The Bill recognises the unique position of investigative agencies, including the Australian Commission for Law Enforcement Integrity, Information Commissioner, Human Rights and Equal Opportunity Commission and the Australian Public Service Commission.[24]

SBS, the ABC and media groups

There are a number of submissions from media groups and in general they express very similar concerns with the Bill.

For example, SBS in its submission supported by a number of other media groups, believes that the scope of disclosure to external parties (including the media) is far too narrow. They say it has the potential to limit the free flow of information to the public and undermines freedom of speech.[25] In particular they are critical of the onerous test of nine requirements which must all be satisfied to enable an external public interest disclosure and are also critical of the limits imposed on emergency disclosures.
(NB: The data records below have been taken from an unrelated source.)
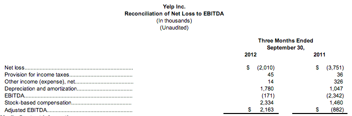 Because of these limitations, you should consider Adjusted EBITDA alongside other financial performance measures, including various cash flow metrics, net income (loss) and Yelp’s other GAAP results. For a preliminary reconciliation of historical non-GAAP financial measures to the nearest comparable GAAP measures, see “Reconciliation of Net Loss to Adjusted EBITDA” included in this press release.
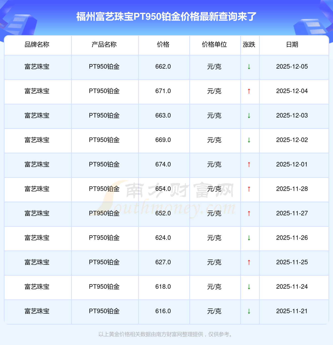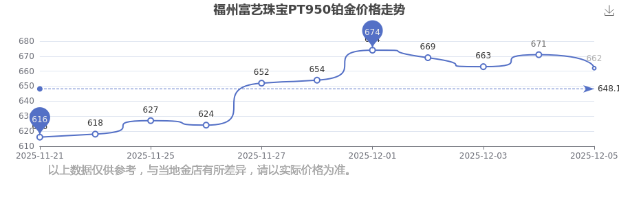 今日(2025年12月7日),福州富艺珠宝PT950铂金的定价为 662.0元/克。
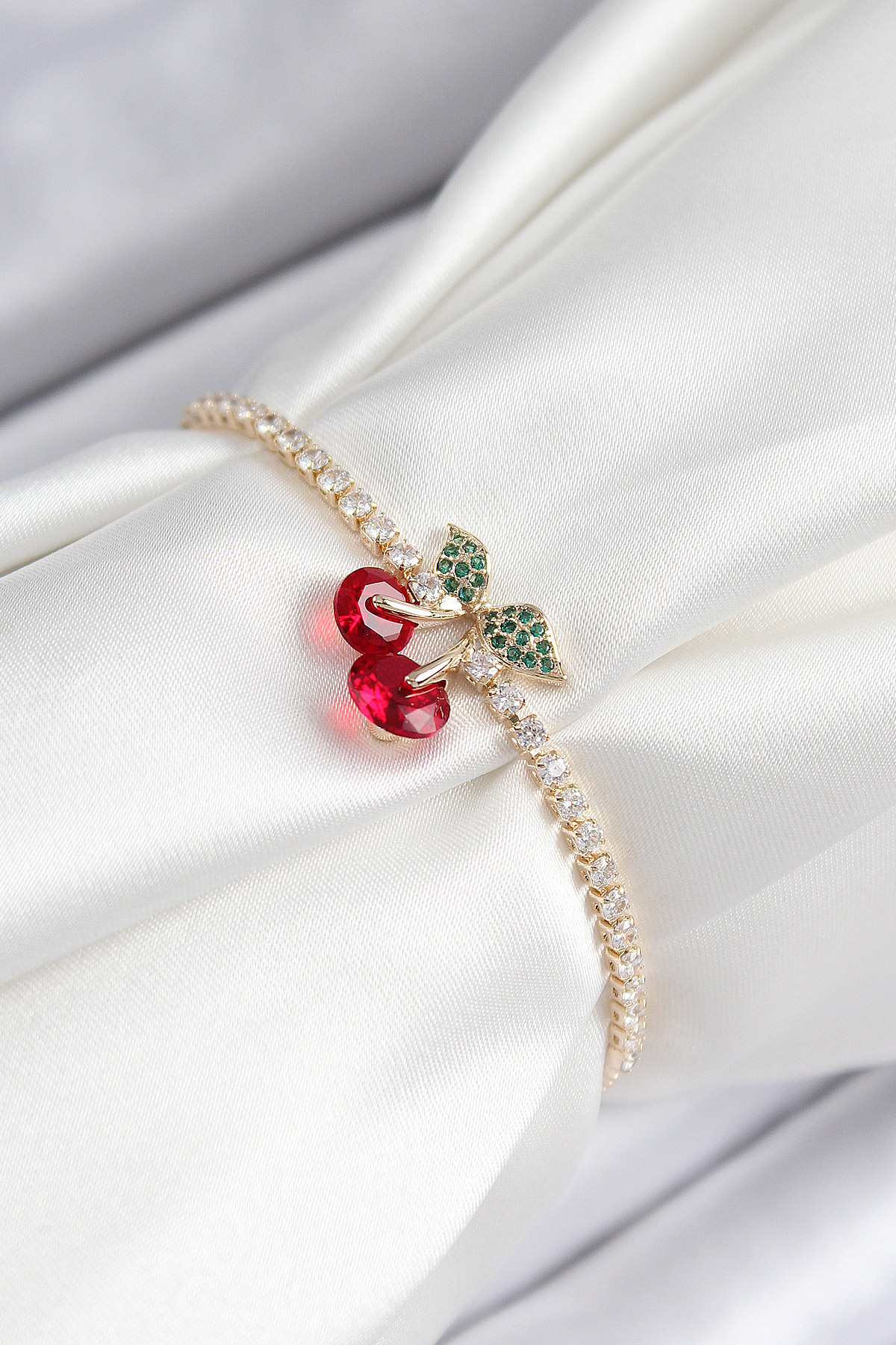 Pirinç Zirkon Taşlı Kiraz Model Gold Renk Asansörlü Kadın Bileklik - TJ-BB7455
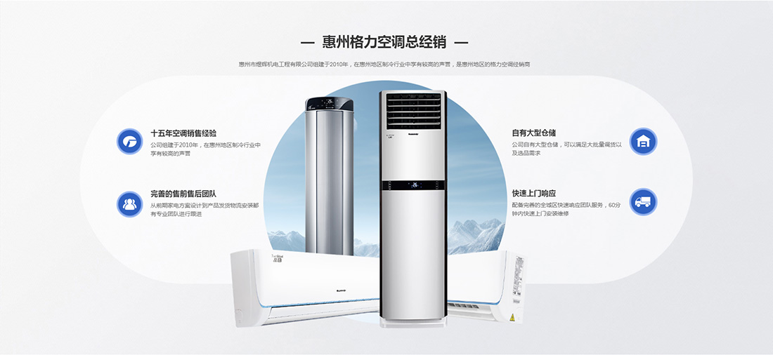 惠州市煜辉机电工程有限公司组建于2010年,在惠州地区制冷行业中享有较高的声誉,是惠州地区的格力空调经销商。一直为广大消费者朋友提供有关格力家用空调,格力商用空调等空调设计,报价,安装,维护等一系列服务
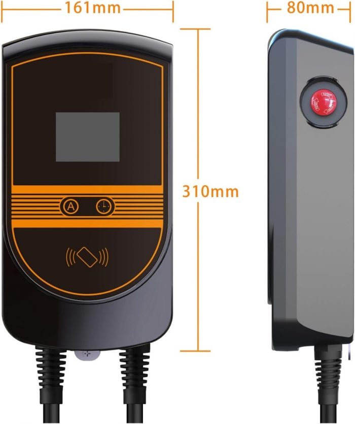 Pantalla grande y pantalla LCD de alta compatibilidad que muestra la corriente de carga, el voltaje de carga y la temperatura. La estación de carga también dispone de un cable de carga de 5 m y está equipada con un enchufe tipo 2. Los tornillos se insertan en la caja, por lo que no tienes que preocuparte de que la pantalla se caiga. El cable de 5 metros de largo deja suficiente espacio entre su coche y la estación de carga.
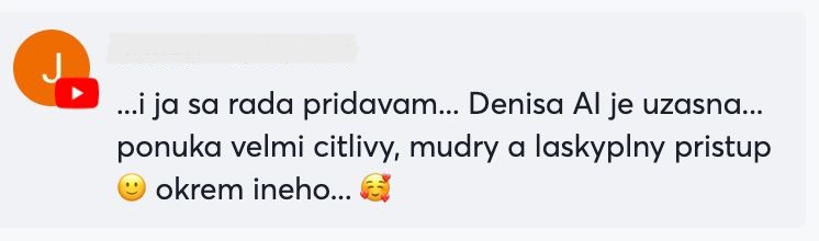 „Ahoj Deni, když si představovala AI, tak jsem si říkala to vůbec není pro mě, to mě nezajímá. Vysílání jsem dokoukala celé a byla jsem překvapená. Tak jsem si řekla, že to také zkusím. Musím říct, že naprosto perfektní načasování do tohoto období. Poskytla si opravdu obrovský dar. Byla jsem velice překvapena a zaskočená, jak Denisa AI má naprosto přesné odpovědi na, tak hluboké otázky!

These submissions also argue the PID scheme is too narrowly cast and that it ‘should apply to all areas of government including the Executive, the Legislature and the Judiciary.[26]

SBS and the ABC also raise an issue of more specific relevance to the journalists relating to the disclosure of identifying information in clause 20 (discussed below).
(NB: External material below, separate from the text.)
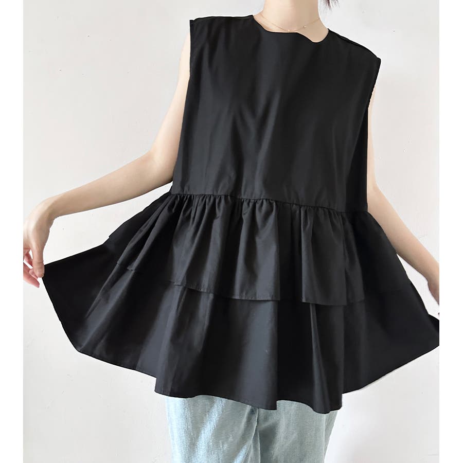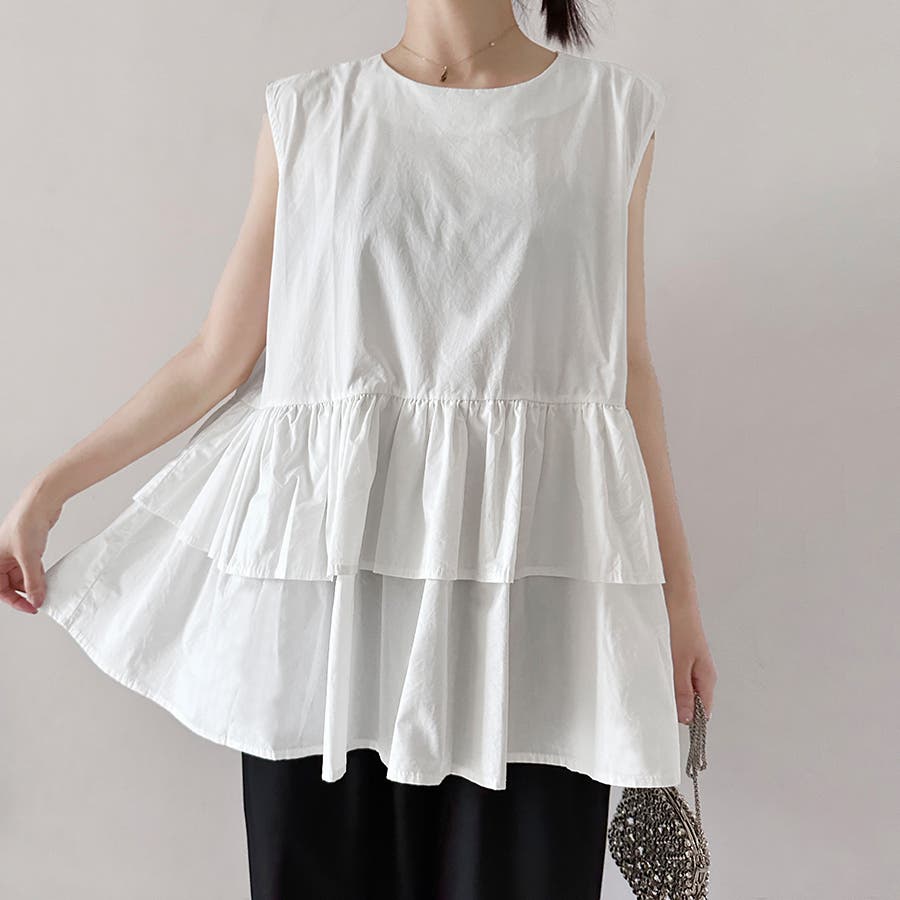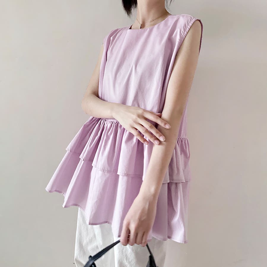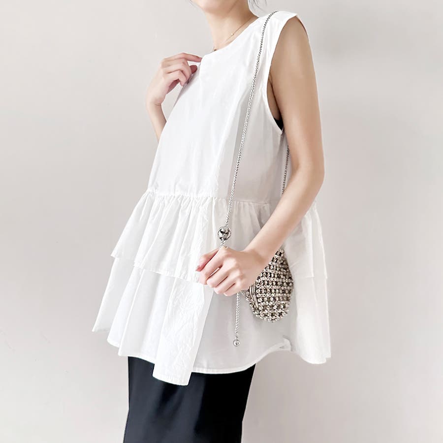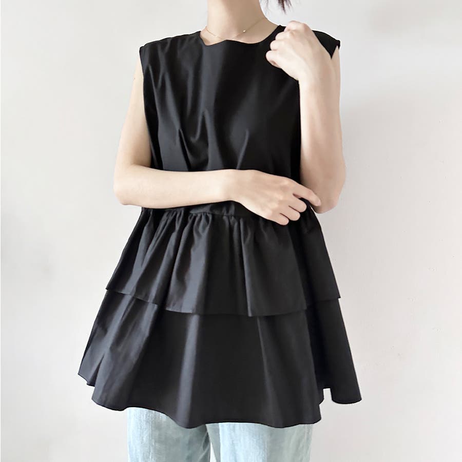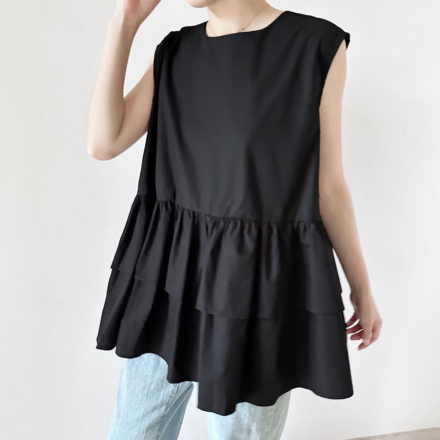 裾のフレアティアードデザインがチャームポイントの春夏おすすめのノースリーブブラウスが新登場♪

Inspector General of Intelligence and Security (IGIS)

The IGIS supports the objectives of the PID Bill to promote the integrity and accountability of Australian government agencies by encouraging the disclosure and proper investigation of misconduct. It states:

The oversight and investigative functions allocated to the IGIS in the PID bill appear to align well with the current role of the IGIS in receiving and handling complaints and conducting inquiries, and in the oversight of the activities of intelligence agencies.[27]

Andrew Wilkie

Mr Wilkie submits that the PID Bill excludes crucial elements required to fulfil its intent and appropriately protect whistleblowers. His concerns are fourfold.

Firstly, the Bill imposes overly strict conditions on the circumstances allowing public officials to make public interest disclosures relating to intelligence agencies. While acknowledging that it is certainly appropriate for sensitive information to be subject to special treatment, he argues the current Bill includes blanket exemptions for intelligence agencies, which prohibit public interest disclosures relating to intelligence agencies in almost all circumstances.[28]

Secondly, the Bill places extreme and unrealistic limitations on external disclosures effectively ensuring that external disclosures would very rarely be protected. Mr Wilkie cites the case of Allan Kessing’s 2005 public interest disclosure which he describes as the ‘Allan Kessing test’ and argues the Bill should be robust enough to provide protection in such circumstances. Mr Wilkie argues the PID Bill would not provide such protection.[29]

Thirdly, Mr Wilkie sees no valid reason for members of parliament (including Ministers) and their staff to be excluded from protection for public interest disclosures.[30]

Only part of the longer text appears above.